[Data items]

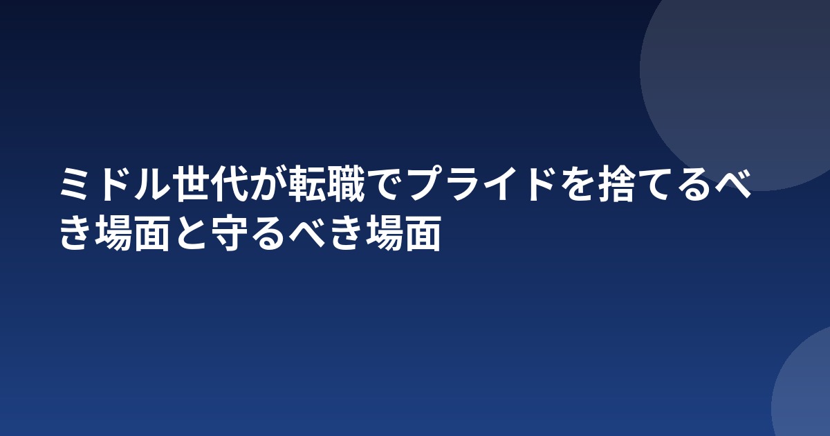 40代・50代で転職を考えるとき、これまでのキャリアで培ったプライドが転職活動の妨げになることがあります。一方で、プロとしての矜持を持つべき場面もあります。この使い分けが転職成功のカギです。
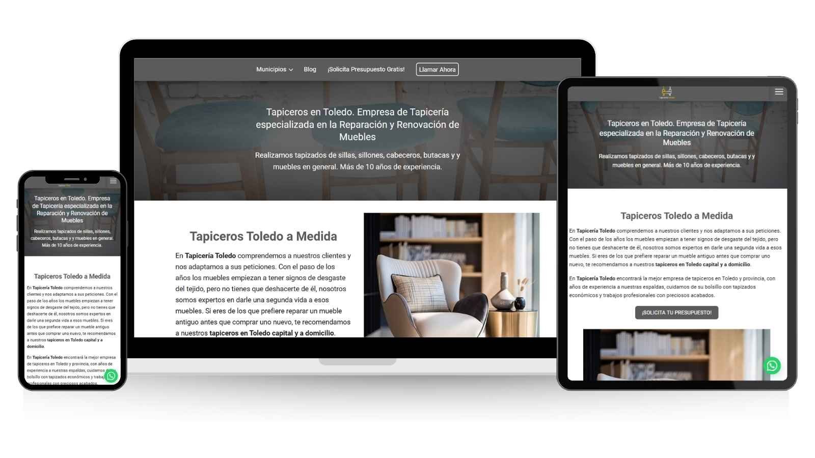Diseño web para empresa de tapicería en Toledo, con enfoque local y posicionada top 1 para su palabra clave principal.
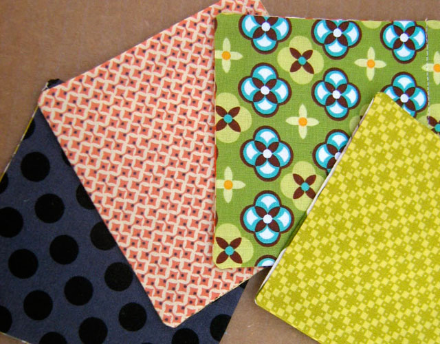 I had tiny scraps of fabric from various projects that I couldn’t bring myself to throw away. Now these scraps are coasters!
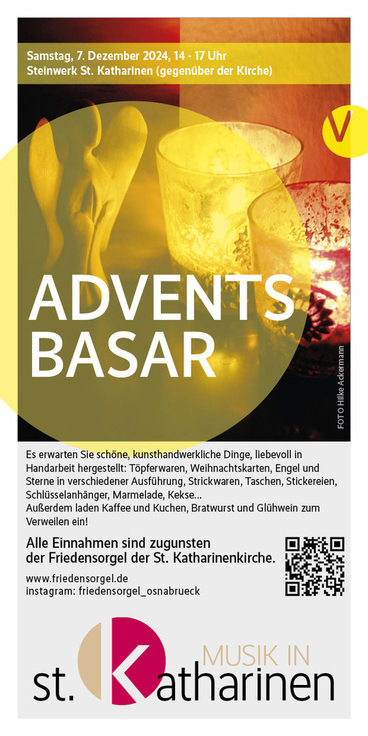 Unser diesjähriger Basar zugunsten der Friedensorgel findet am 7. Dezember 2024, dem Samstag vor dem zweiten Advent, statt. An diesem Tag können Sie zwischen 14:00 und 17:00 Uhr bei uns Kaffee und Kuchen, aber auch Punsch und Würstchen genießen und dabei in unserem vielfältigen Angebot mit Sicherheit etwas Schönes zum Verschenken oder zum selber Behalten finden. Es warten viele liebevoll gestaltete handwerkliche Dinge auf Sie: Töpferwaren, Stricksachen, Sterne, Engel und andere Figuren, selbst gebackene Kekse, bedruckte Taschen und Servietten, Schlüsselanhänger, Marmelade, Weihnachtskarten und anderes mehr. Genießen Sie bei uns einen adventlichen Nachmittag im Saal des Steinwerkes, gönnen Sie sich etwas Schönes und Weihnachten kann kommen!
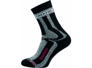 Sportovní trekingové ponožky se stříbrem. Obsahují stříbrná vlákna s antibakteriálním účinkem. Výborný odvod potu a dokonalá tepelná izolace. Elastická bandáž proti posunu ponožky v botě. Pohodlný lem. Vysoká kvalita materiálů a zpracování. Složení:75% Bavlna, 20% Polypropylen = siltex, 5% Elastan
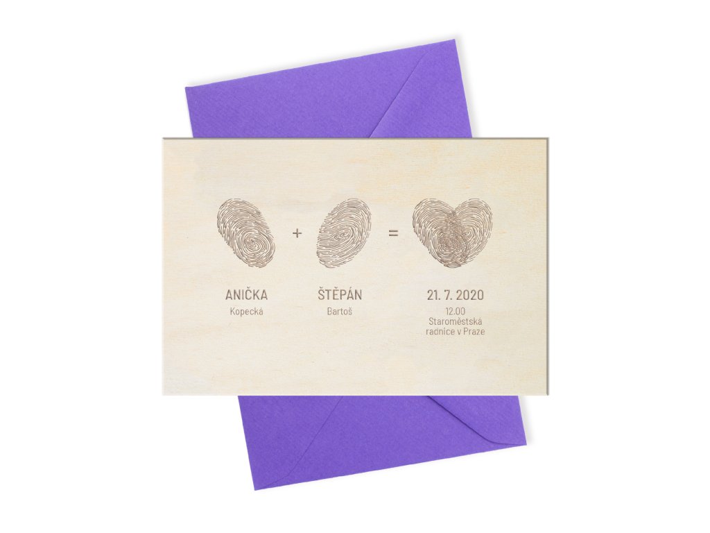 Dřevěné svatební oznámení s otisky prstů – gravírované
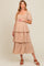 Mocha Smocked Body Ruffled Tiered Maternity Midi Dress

**PROBLEM DESCRIPTION**
Render all entries verbatim, excluding any pictures they hold.

**OUTPUT OF THE TASK**
 40代・50代で転職を考えるとき、これまでのキャリアで培ったプライドが転職活動の妨げになることがあります。一方で、プロとしての矜持を持つべき場面もあります。この使い分けが転職成功のカギです。
Diseño web para empresa de tapicería en Toledo, con enfoque local y posicionada top 1 para su palabra clave principal.
 I had tiny scraps of fabric from various projects that I couldn’t bring myself to throw away. Now these scraps are coasters!
 Unser diesjähriger Basar zugunsten der Friedensorgel findet am 7. Dezember 2024, dem Samstag vor dem zweiten Advent, statt. An diesem Tag können Sie zwischen 14:00 und 17:00 Uhr bei uns Kaffee und Kuchen, aber auch Punsch und Würstchen genießen und dabei in unserem vielfältigen Angebot mit Sicherheit etwas Schönes zum Verschenken oder zum selber Behalten finden. Es warten viele liebevoll gestaltete handwerkliche Dinge auf Sie: Töpferwaren, Stricksachen, Sterne, Engel und andere Figuren, selbst gebackene Kekse, bedruckte Taschen und Servietten, Schlüsselanhänger, Marmelade, Weihnachtskarten und anderes mehr. Genießen Sie bei uns einen adventlichen Nachmittag im Saal des Steinwerkes, gönnen Sie sich etwas Schönes und Weihnachten kann kommen!
 Sportovní trekingové ponožky se stříbrem. Obsahují stříbrná vlákna s antibakteriálním účinkem. Výborný odvod potu a dokonalá tepelná izolace. Elastická bandáž proti posunu ponožky v botě. Pohodlný lem. Vysoká kvalita materiálů a zpracování. Složení:75% Bavlna, 20% Polypropylen = siltex, 5% Elastan
 Dřevěné svatební oznámení s otisky prstů – gravírované
 Mocha Smocked Body Ruffled Tiered Maternity Midi Dress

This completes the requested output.